Problem to work on. From the listing that follows, output everything exactly except the pictures.

Raw data.
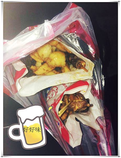 我點了一份鹹酥雞/魷魚/雞心/雞胗/雞屁股/甜不辣/豬血糕→→總共220大洋
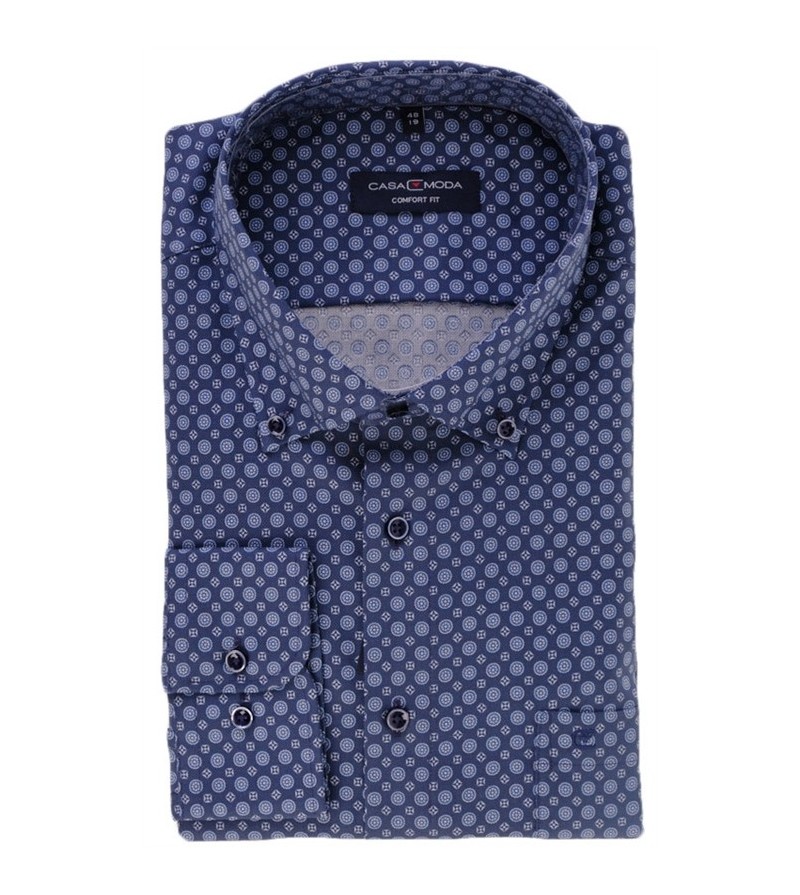 Grote Maten Overhemd lange mouw strijkvrij met borstzakje button down kraag casual fit goede pasvorm goede lengte krimpt niet bij het wassen 100%katoen prachtige print hededaags! kleur: blauw tinten
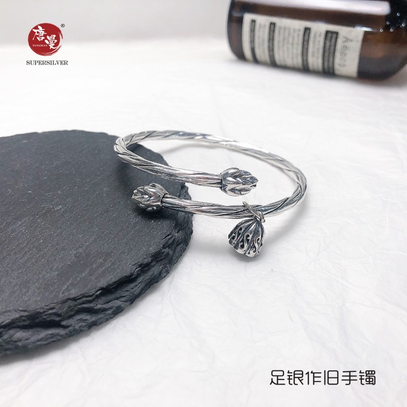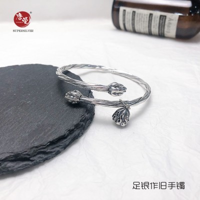 佳偶天成A款 足银作旧手镯 克重26克左右
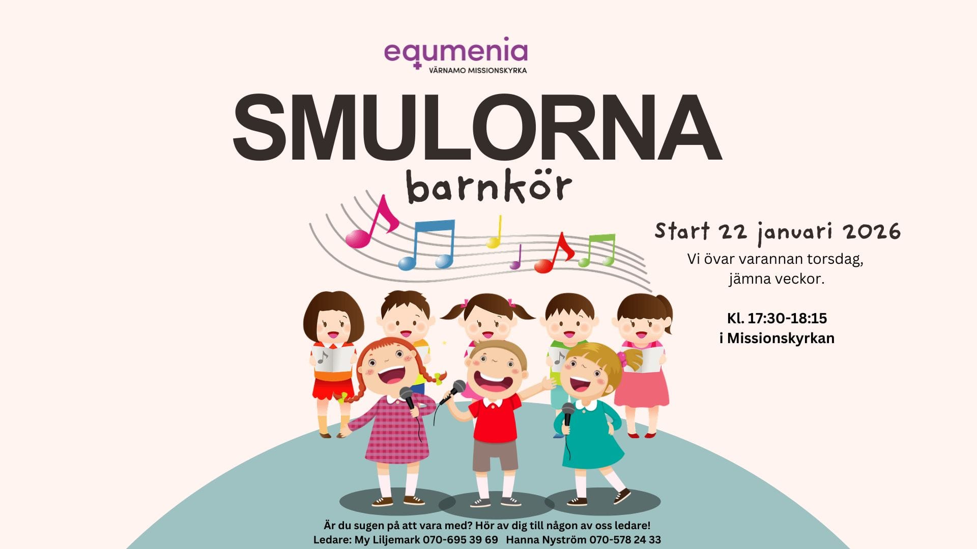 Vi är med och sjunger i gudstjänsterna 15/3 och 10/5 (i Missionskyrkan) plus att vi åker i väg på barnkördag i Hovslätt lördagen 24/1. För mer information kontakta någon av oss ledare.
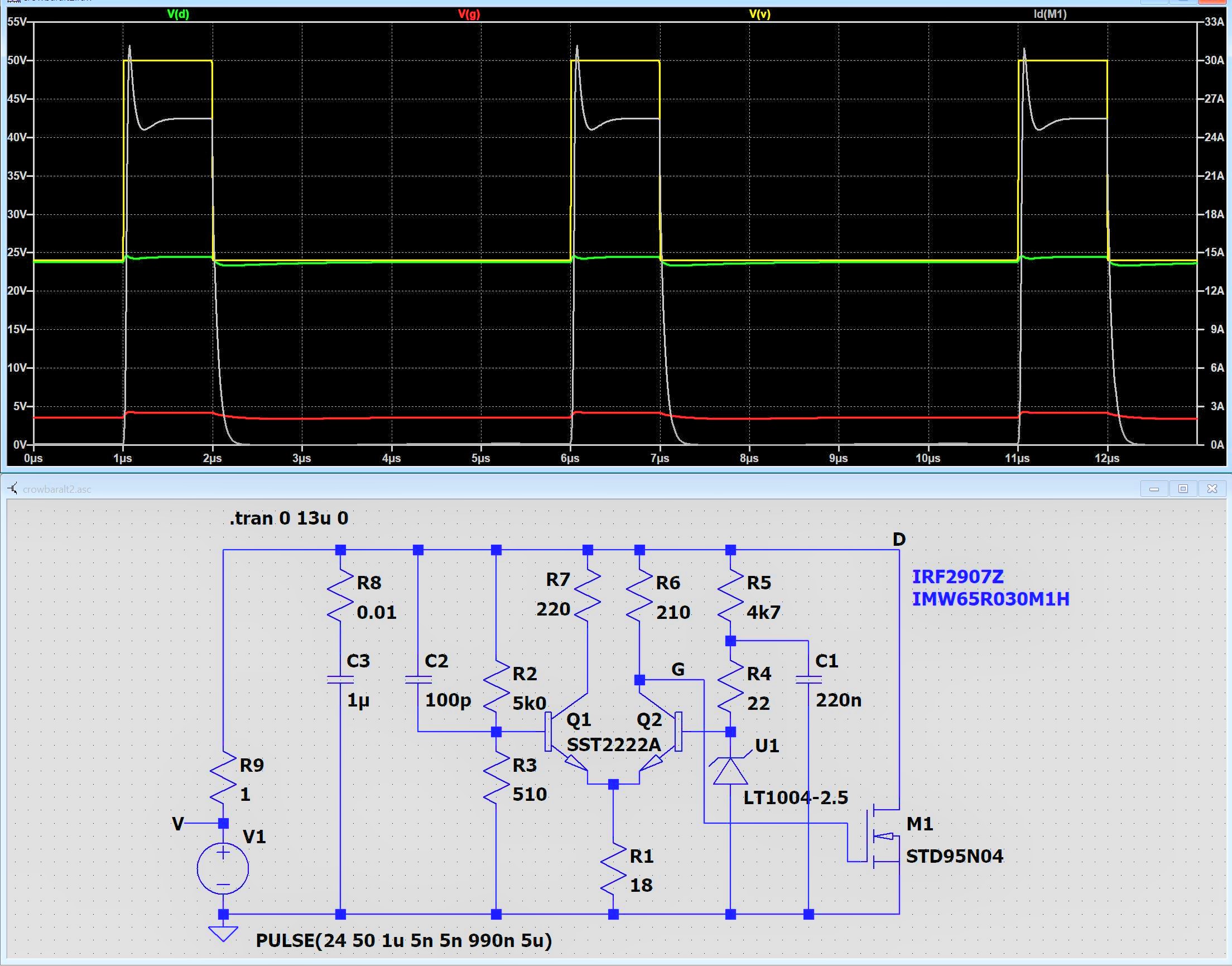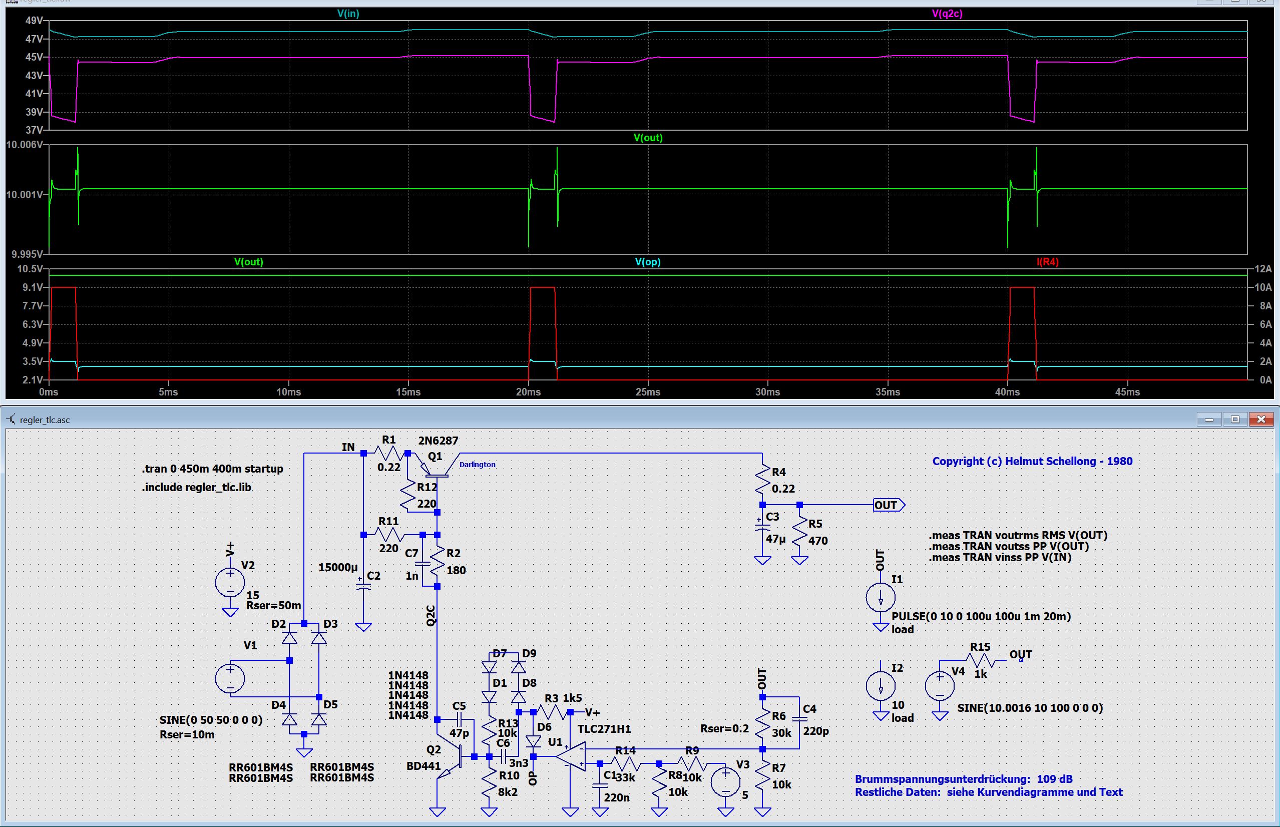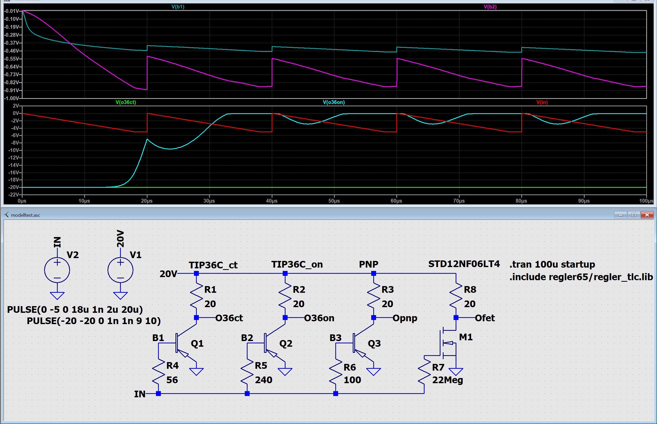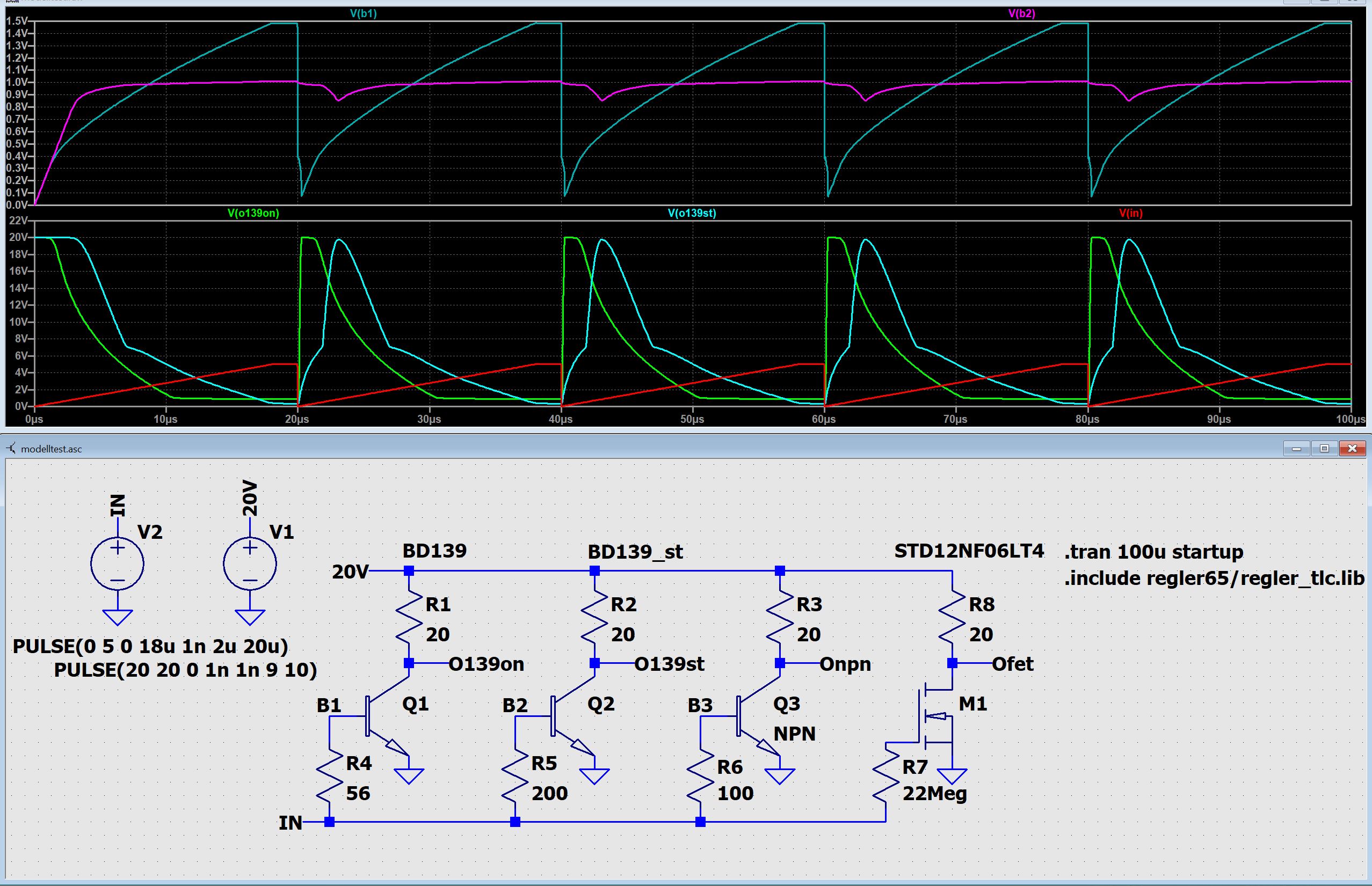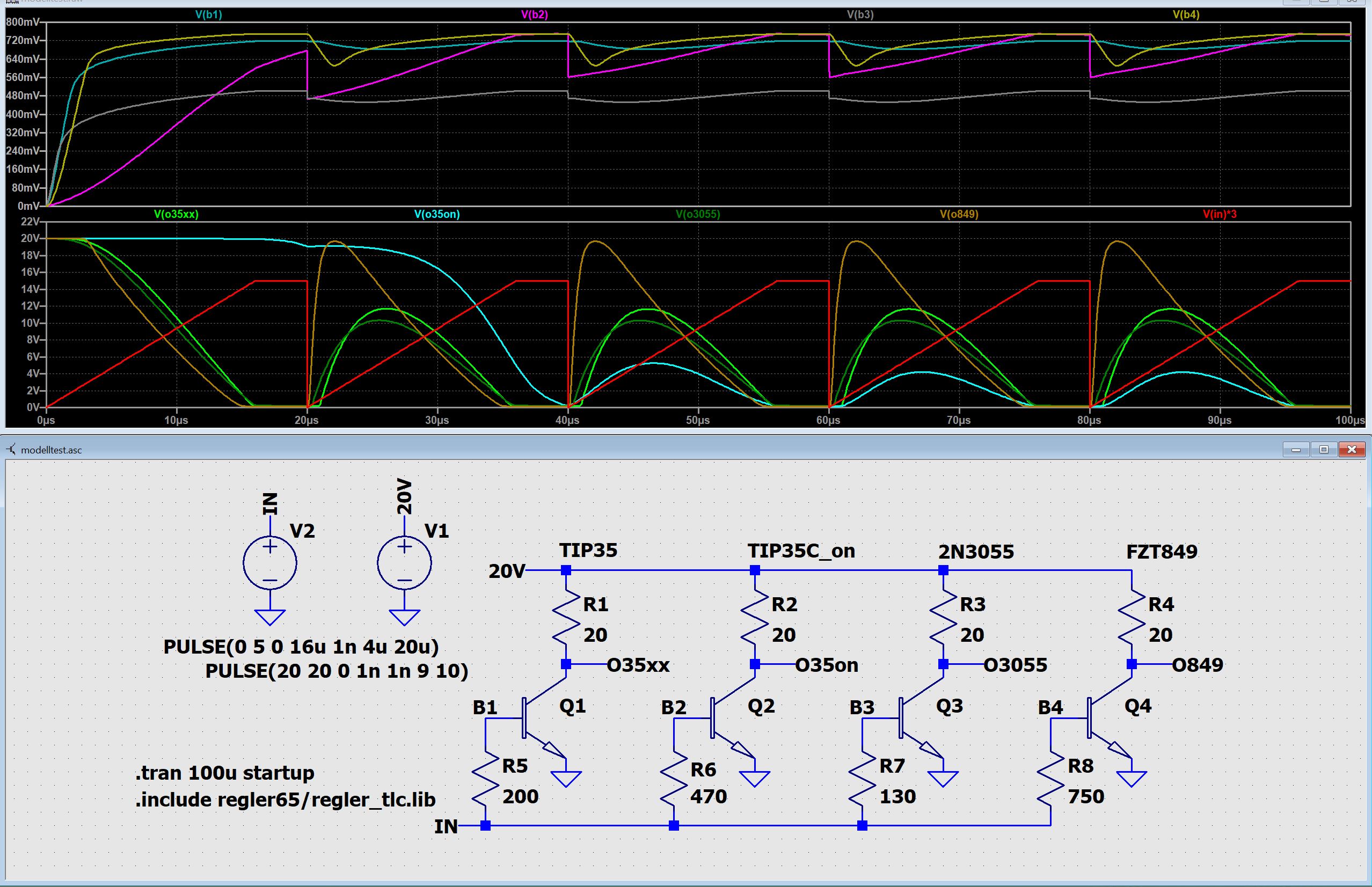 Zusätzlich wurden aus der Library von LTspice die Typen 2N3055 und FZT849 angefügt.
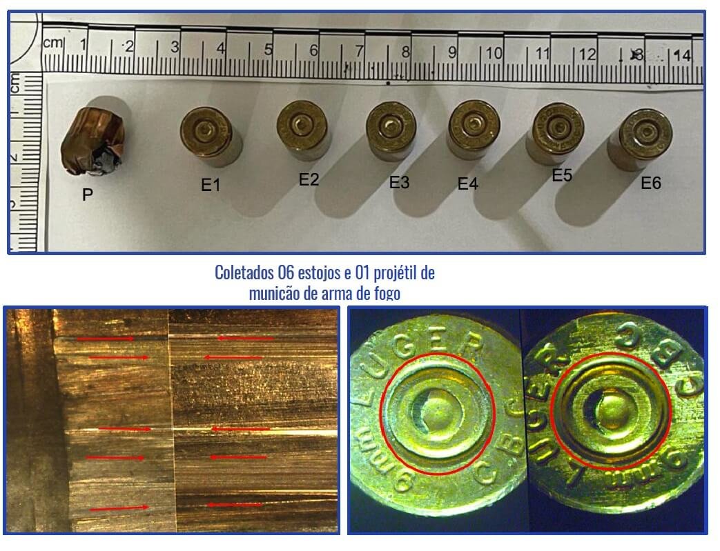 Outra importante prova técnica foi o resultado das análises feitas pelo perito criminal Ricardo Leopoldo nos projéteis recolhidos no local do crime, no corpo da vítima no IML e na arma apreendida com o suspeito. O exame de balística confirmou que os elementos de munição eram convergentes entre eles, ou seja, saíram da mesma arma, confirmando que a pistola 9 mm foi usada para cometer o crime.
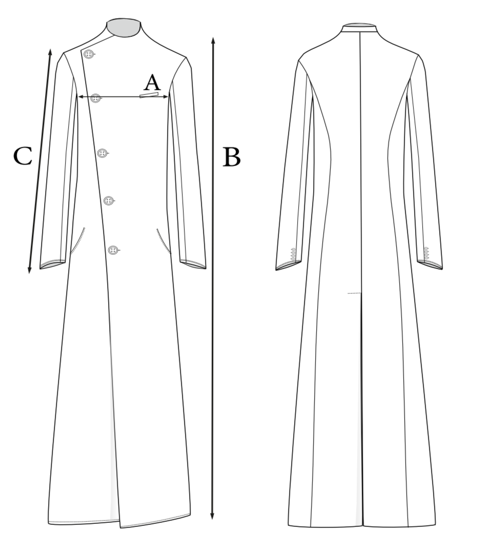 Пальто из итальянской вареной овечьей шерсти (лоден) застёгивается по косой до уровня плеча. Его можно застегивать разными способами, самостоятельно регулируя размер лацканов. Благодаря своей конструкции пальто имеет два слоя спереди, что делает его более устойчивым к различным температурным условиям.
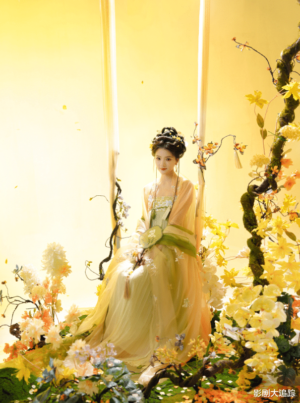 古灵精怪的她,即便是坐着秋千也不安分,秋千轻轻晃动,带来阵阵花香,蝴蝶随之舞动,她抬手轻抚微动,只觉要随风而去,仙人之姿尽情展露!

Answer.
 我點了一份鹹酥雞/魷魚/雞心/雞胗/雞屁股/甜不辣/豬血糕→→總共220大洋
 Grote Maten Overhemd lange mouw strijkvrij met borstzakje button down kraag casual fit goede pasvorm goede lengte krimpt niet bij het wassen 100%katoen prachtige print hededaags! kleur: blauw tinten
 佳偶天成A款 足银作旧手镯 克重26克左右
 Vi är med och sjunger i gudstjänsterna 15/3 och 10/5 (i Missionskyrkan) plus att vi åker i väg på barnkördag i Hovslätt lördagen 24/1. För mer information kontakta någon av oss ledare.
 Zusätzlich wurden aus der Library von LTspice die Typen 2N3055 und FZT849 angefügt.
 Outra importante prova técnica foi o resultado das análises feitas pelo perito criminal Ricardo Leopoldo nos projéteis recolhidos no local do crime, no corpo da vítima no IML e na arma apreendida com o suspeito. O exame de balística confirmou que os elementos de munição eram convergentes entre eles, ou seja, saíram da mesma arma, confirmando que a pistola 9 mm foi usada para cometer o crime.
 Пальто из итальянской вареной овечьей шерсти (лоден) застёгивается по косой до уровня плеча. Его можно застегивать разными способами, самостоятельно регулируя размер лацканов. Благодаря своей конструкции пальто имеет два слоя спереди, что делает его более устойчивым к различным температурным условиям.
 古灵精怪的她,即便是坐着秋千也不安分,秋千轻轻晃动,带来阵阵花香,蝴蝶随之舞动,她抬手轻抚微动,只觉要随风而去,仙人之姿尽情展露!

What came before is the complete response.